After 5 multi-scale analysis units, expanding the multi-scale analyzed features by using a 1024-dimensional full-connection layer, and remolding the output feature tensor into a 4-dimensional tensor form [ sentence number, sentence length, 4, 256]. And then, respectively feeding the two groups of remodeled characteristic tensors into a gating linear decoding unit for decoding operation. The operation mode of the linear decoding unit is shown in fig. 3 (b), unlike the linear encoding unit, the linear decoding unit adopts two-dimensional deconvolution operation to realize expansion of the feature tensor, each decoding unit adopts a convolution kernel of 1×3, performs two-dimensional deconvolution in a mode of step length of 1×2, so that gradual expansion of the feature of each channel can be realized, and the number of channels adopts a gradually decreasing mode to be 128, 64, 32, 16,1 respectively, so that the output tensors of 5 linear decoding units are sequentially obtained, namely: [ number of sentences, sentence length, 9, 128], [ number of sentences, sentence length, 19, 64], [ number of sentences, sentence length, 39, 32], [ number of sentences, sentence length, 80, 16], and [ number of sentences, sentence length, 161,1]. Similarly, the output of each gated linear decoding unit also performs exponential linear activation in equation (1) to perform nonlinear transformation of the feature, and the gated linear decoding unit is shown in fig. 3 (b).

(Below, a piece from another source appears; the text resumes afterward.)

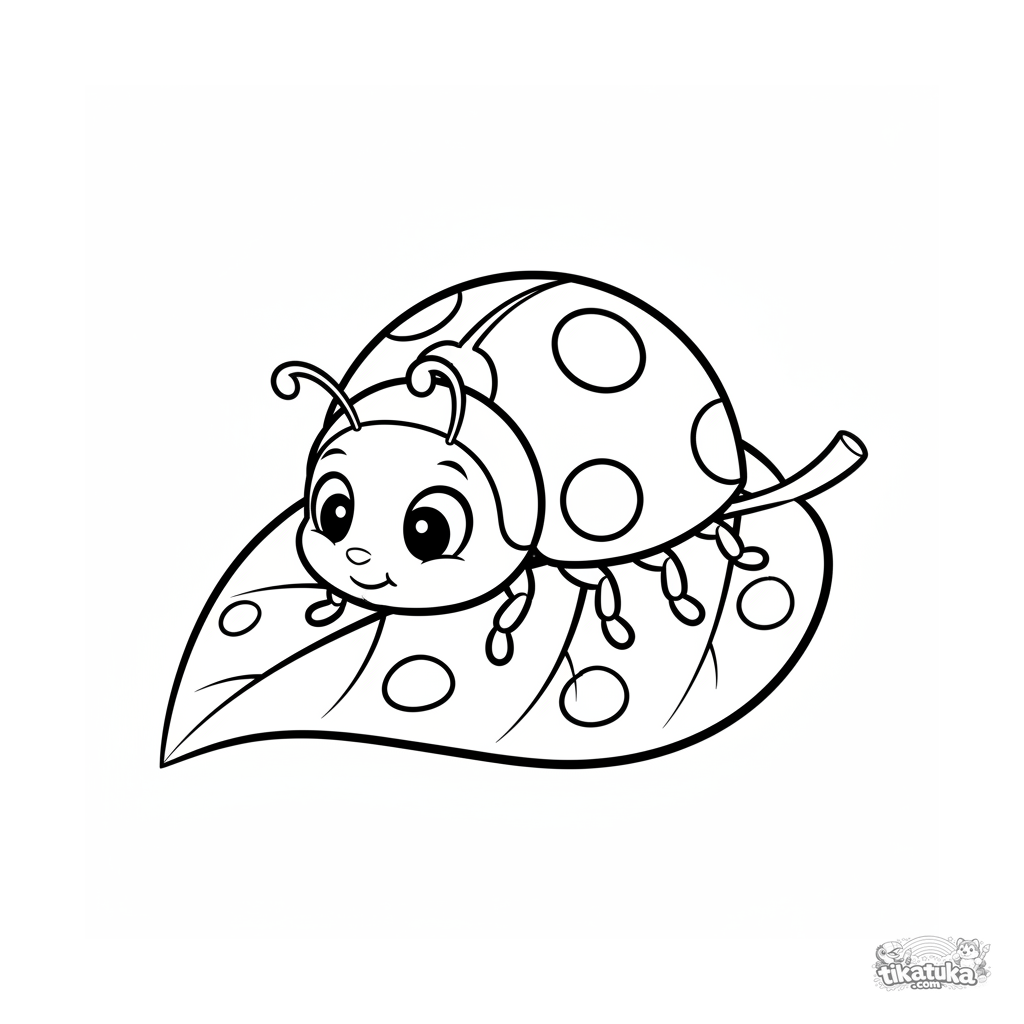 Ausmalbild für Kleinkinder: ein freundlicher Marienkäfer krabbelt auf einem großen grünen Blatt mit Tautropfen.

After the neural network model is constructed, a great amount of data is required to be trained, so that the neural network model has the capability of mapping pure real-imaginary frequency spectrums. Firstly, preparing enough pairs of noisy speech complex spectrum and ideal speech complex spectrum as training data sets, so that we choose 4620 sentences in TIMIT dataset [1] as clean speech data of the training sets, and then using 12 kinds of noise in NOISEX-92 [2] noise library, including restaurant noise, 2 kinds of fighter noise, 2 kinds of expelling ship noise, factory noise, tank noise, volvo car noise, high-frequency channel noise, white noise, leopard type of war car noise and gun noise, as noise data, randomly mixing with clean speech, and leading the mixed signal-to-noise ratio to be between [ -5,15], and obtaining noisy training data with a total time length of about 38 hours. In order to adjust the parameters of the model, a verification set is required to be set, 280 sentences are also selected from the test set of the TMIT data set to be used as pure voice data of the verification set, and the pure voice data and 12 kinds of noise in the training set are uniformly mixed with each other with the signal to noise ratio of-5 to 15 dB. The loss function during the training of the gated multi-scale cavity convolution network is calculated by mean square error, the calculation formula is shown as a formula (2), wherein n and k are respectively the frame and frequency indexes of the voice signal, X real (n, k) and X imag (n, k) are ideal real-imaginary part spectrums, andAnd/>Then the real-imaginary spectrum of the neural network output:
During training, the overfitting problem of the model is reduced in a mode of 20% random neuron inactivation rate and batch normalization, the Adam optimization algorithm is utilized for back propagation, the iteration is performed for 50 times at a learning rate of 0.001, and then the iteration is performed for 10 times at a learning rate of 0.0001, so that the gated multi-scale cavity convolution network model with the real-imaginary part spectrum of the mapped pure voice can be obtained.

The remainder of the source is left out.